◆ **Problem to work on**
Line by line, repeat the data below exactly, beginning at the first line and ending at the line with "Kolekce Hup Upgrade". Omit pictures.

[Opening Study material section]

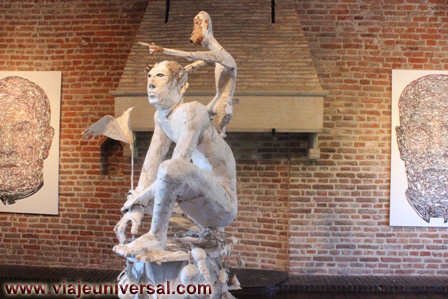 Couzijn Lions trabaja haciendo esculturas con cartón. Para esta exposición que reconstruye tres imágenes de las esculturas desaparecidas del antiguo ayuntamiento en Kampen, y que se exponen con las restantes originales.
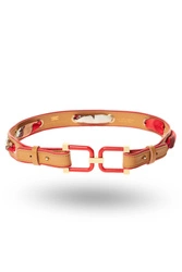 Beżowo-czerwony pasek wykonany z wysokiej jakości skóry ekologicznej. Na całości umieszczone zostały złote ringi, przez które przepleciona jest wielokolorowa szarfa. Regulacja za pomocą złotych pinów. Klamra czerwono-złota. Modny i oryginalny w formie. Doskonałe podkreślenie wielu stylizacji.
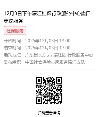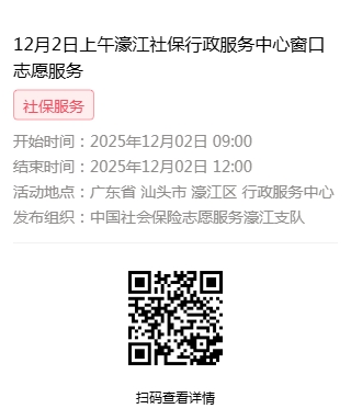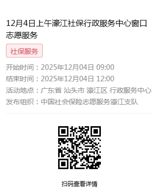 2025年12月1日至2025年12月5日市社保局濠江分局驻行政服务中心窗口志愿服务活动,需要每一个可爱的你参与!
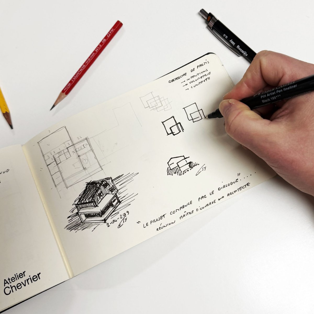 Par l’esquisse et le dessin à la main, le projet se construit progressivement, révélant les volumes, les proportions et les relations au site, et affirmant une intention architecturale claire.
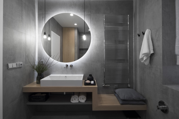 Kolekce Hup Upgrade italského výrobce Del Conca na to jde od podlahy. Keramické dlaždice v betonové úpravě interiér zchladí a opticky sjednotí. Potom již přichází na řadu nábytek a doplňky. Firma Elite Bath nabízí širokou škálu formátů a různá barevná provedení.
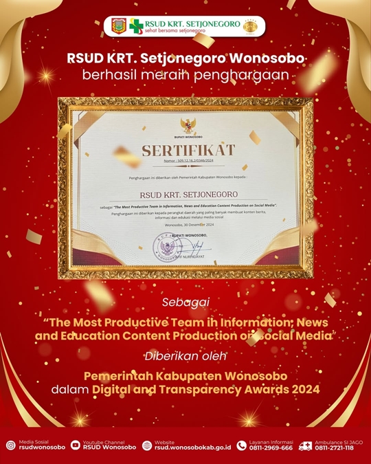Dipenghujung tahun 2024, RSUD KRT. Setjonegoro Wonosobo meraih penghargaan sebagai “The Most Productive Team in Information, News and Education Content Production on Social Media” yang diberikan oleh Pemerintah Kabupaten Wonosobo dalam Digital and Transparency Awards 2024 yang diselenggarakan oleh Dinas Komunikasi dan Informatika Kabupaten Wonosobo bertempat di Gedung Korpri, Senin 30 Desember 2024. Penghargaan ini diberikan kepada perangkat daerah yang paling banyak membuat konten berita, informasi dan edukasi melalui media sosial.
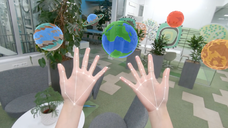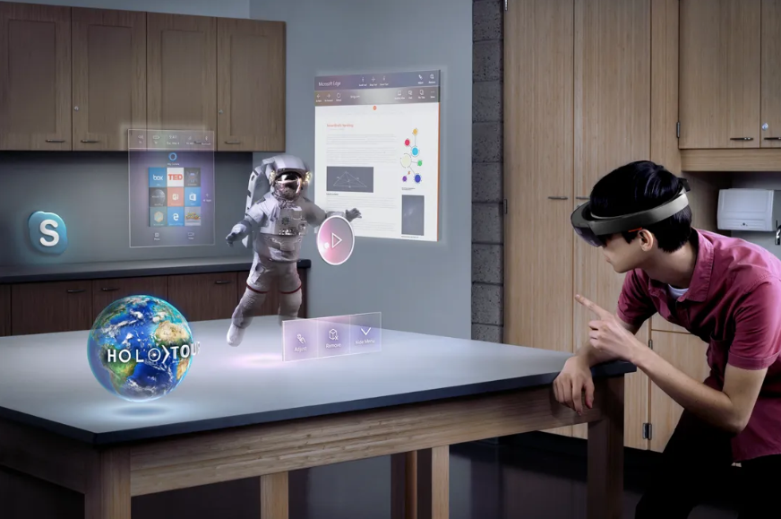 HoloLens可以探测用户视线的焦点所在从而做出一些判断和反应,也可以通过识别用户的手势,如手指轻敲、张开等,来对全息影像进行交互操作,并且HoloLens内置了语音识别功能,用户可通过语音来进行一些操作。
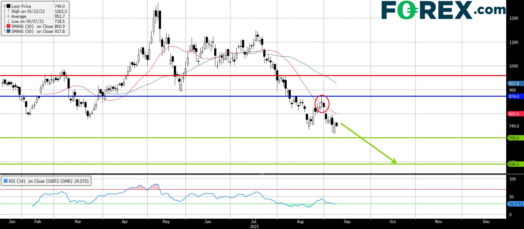 看跌的投资者可将874元人民币视为主要阻力(止损)位,下行目标在700元人民币及590元人民币。
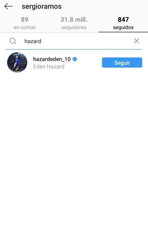 El fichaje de Eden Hazard por Real Madrid es un hecho y Sergio Ramos ya le dio el visto bueno al belga. El capitán de los merengues comenzó a seguir por Instagram al goleador del Chelsea, el mismo día que se confirmó que tras la Europa League se oficializaráel fichaje del atacante.
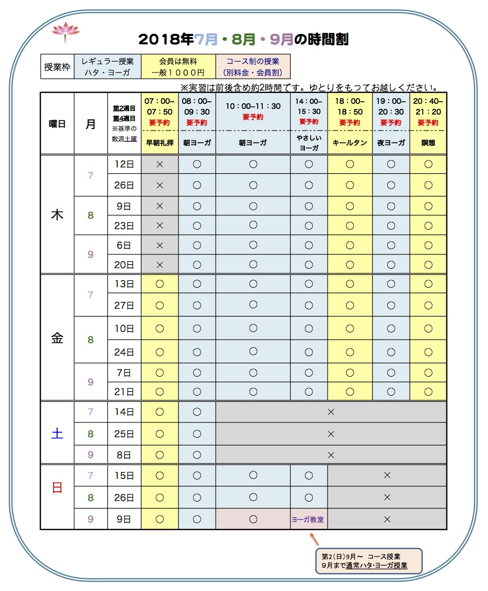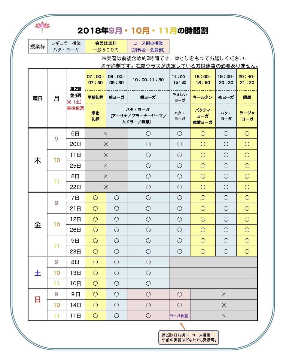 >09:00~ ヨーガ自主練習
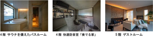 1階は、賃貸収益を得られる店舗の他、2台分駐車可能なビルトインガレージを想定し、重量鉄骨造における大空間・大開口を実現。2階の親世帯住居スペースは、リビングに坪庭を設置するなど、落ち着いた和モダンな空間とし、将来は賃貸スペースに変更することも可能です。室内階段でつながる3階・4階の子世帯住居スペースには、当社の特長である2,720mmの天井高と吹抜けを組み合わせた開放的なLDK(42帖)を設けました。4階には、バルコニーにつながるサウナを備えたバスルームや、シアタールームを想定した当社オリジナルの快適防音室「奏でる家」を採用。都市部で需要の高い豊かな音環境や多様なニーズに応えた快適な住空間を提供します。
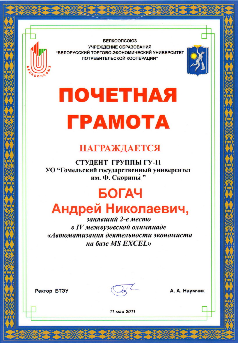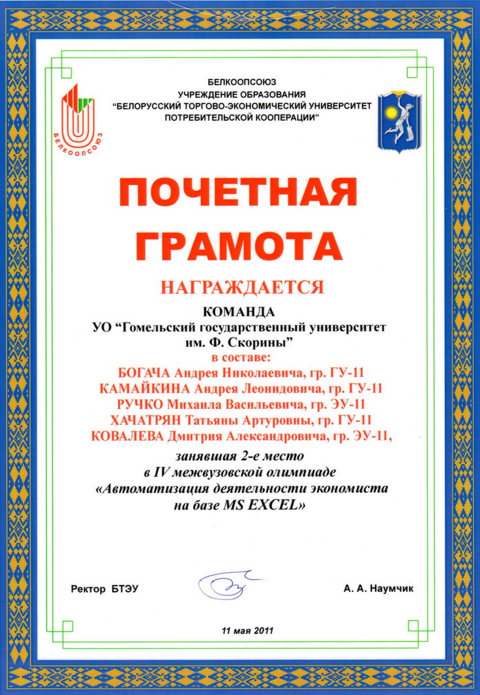 А достижения команды ГГУ, пусть звучит это немного нескромно, всё-таки высокие. В личном зачете Андрей Богач (ГУ-11) занял второе место, отстав от лидера (студента БТЭУ ПК Рабцевич Игоря) всего на 5 баллов. Кроме Андрея университет представляли ещё 4 человека: Камайкин А. (ГУ-11), студенты группы ЭУ-11 Ковалев Д., Ручко М. и Хачатрян Т., – получившие в командном зачете также серебро.
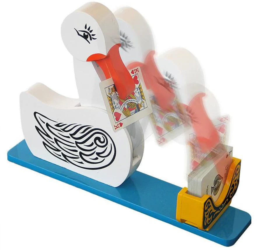 The Educated Duck is a mechanical wooden duck, which picks out selected cards from a shuffled deck, placed in its feed box. This is an excellent comedy prop, and to enhance the entertainment the duck can be blindfolded.
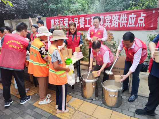 为贯彻落实省总重点实施的“五大行动”和突出办好的“十件实事”工作要求,发挥工会枢纽型社会组织的独特优势。8月21日早上,惠济区总工会联合迎宾路街道郑州欧安乐龄护理院开展新就业形态劳动者免费爱心早餐活动。
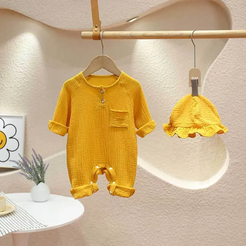 Wholesale Kids Baby Boys Girls Cute Solid Color Long Sleeve Romper
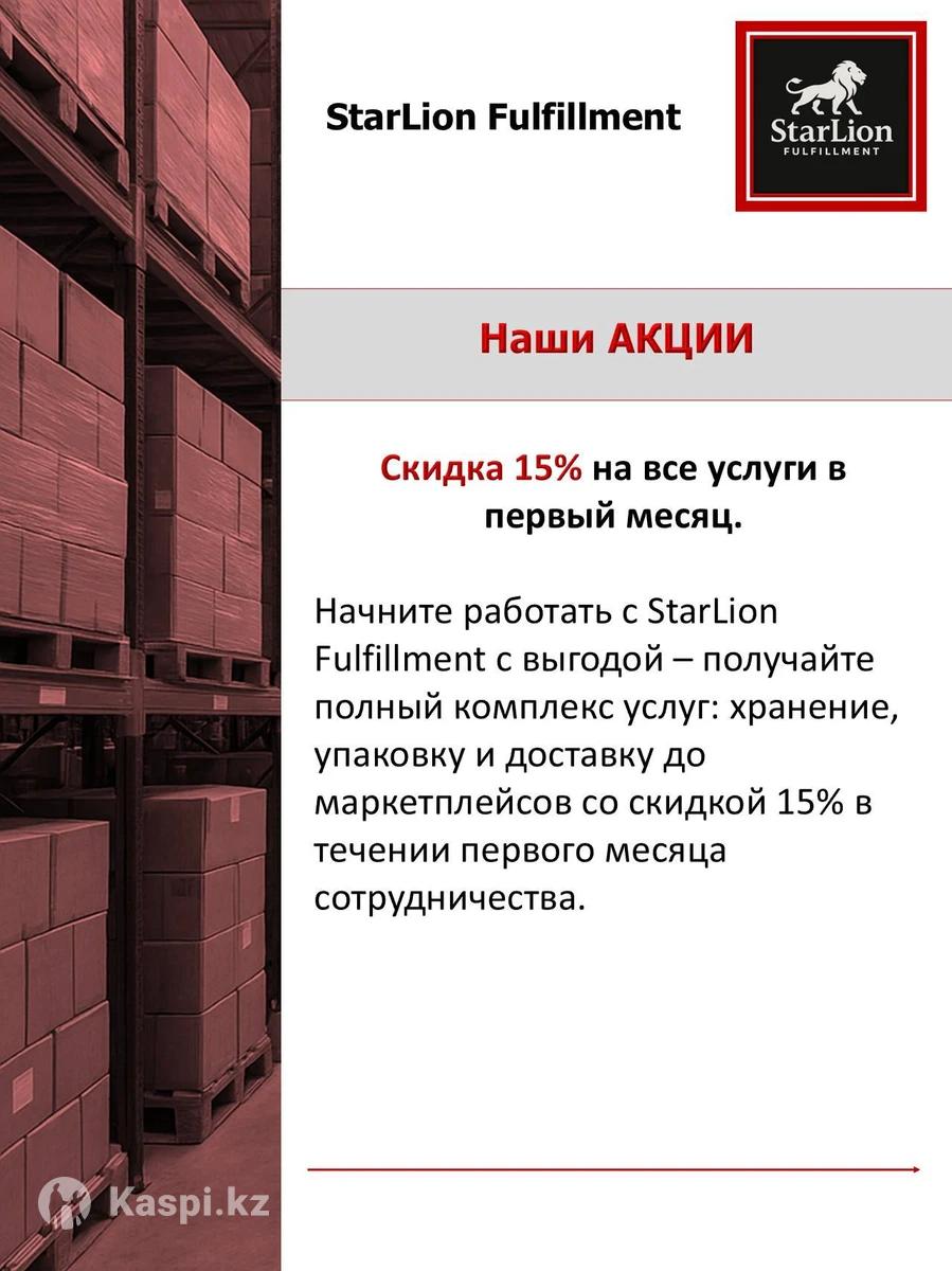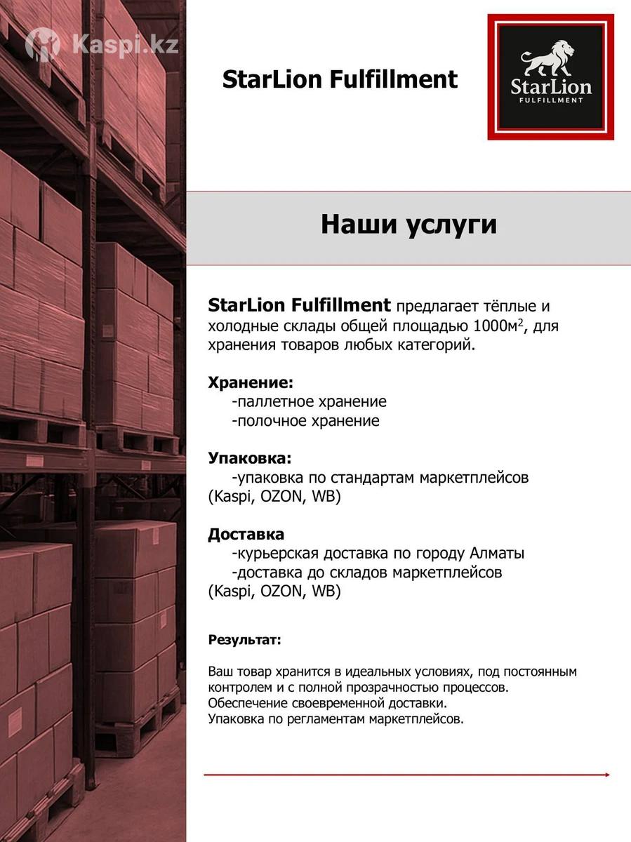Ищете надежного партнера для хранения, упаковки и доставки ваших товаров. Представляем вам StarLion Fulfillment – складской комплекс площадью 1000 м2, включая теплый и холодный склад, готовый быстро и качественно работать под ваш бизнес. Что мы предлагаем: Хранение товаров на складах площадью 1000 м2 с отделением теплого и холодного режима — подходит и для обычных, и для температурно-чувствительных товаров. Комплекс услуги фулфилмента: приемка, хранение, упаковка, маркировка, отгрузка. Доставка ваших товаров на маркетплейсы Kaspi, Ozon, WB — освобождайте время на развитие, не на логистику. Гибкие условия под ваш ассортимент и объемы. Профессиональный складской сервис, оперативность, внимание к деталям (упаковка, подготовка к отгрузке). Поченьу выгодно работать с нами: Один партнер закрывает сразу хранение + упаковку + доставку — меньше подрядчиков, проще контроль. Экономия ваших ресурсов: не нужно отстраивать собственный склад и логистику. Подготовка товаров под требования маркетплейсов — минимизируем риски с возвратами и отказами при приемке. Возможность работы с различными категориями товаров благодаря наличию холодного склада. Для кого: Интернет-магазины и продавцы, выходящие на маркетплейсы. Производители и импортеры с необходимостью внешнего склада. Бизнесы с товарами, требующими холодного хранения или особых условий. Контакты для связи: Телефон: + Расположение: Алматы, улица Халиуллина 168к5 Звоните или пишите сейчас, и мы подготовим подробное коммерческое предложение с условиями!

[Closing Study material section]

◆ **Exercise solution**
 Couzijn Lions trabaja haciendo esculturas con cartón. Para esta exposición que reconstruye tres imágenes de las esculturas desaparecidas del antiguo ayuntamiento en Kampen, y que se exponen con las restantes originales.
 Beżowo-czerwony pasek wykonany z wysokiej jakości skóry ekologicznej. Na całości umieszczone zostały złote ringi, przez które przepleciona jest wielokolorowa szarfa. Regulacja za pomocą złotych pinów. Klamra czerwono-złota. Modny i oryginalny w formie. Doskonałe podkreślenie wielu stylizacji.
 2025年12月1日至2025年12月5日市社保局濠江分局驻行政服务中心窗口志愿服务活动,需要每一个可爱的你参与!
 Par l’esquisse et le dessin à la main, le projet se construit progressivement, révélant les volumes, les proportions et les relations au site, et affirmant une intention architecturale claire.
 Kolekce Hup Upgrade italského výrobce Del Conca na to jde od podlahy. Keramické dlaždice v betonové úpravě interiér zchladí a opticky sjednotí. Potom již přichází na řadu nábytek a doplňky. Firma Elite Bath nabízí širokou škálu formátů a různá barevná provedení.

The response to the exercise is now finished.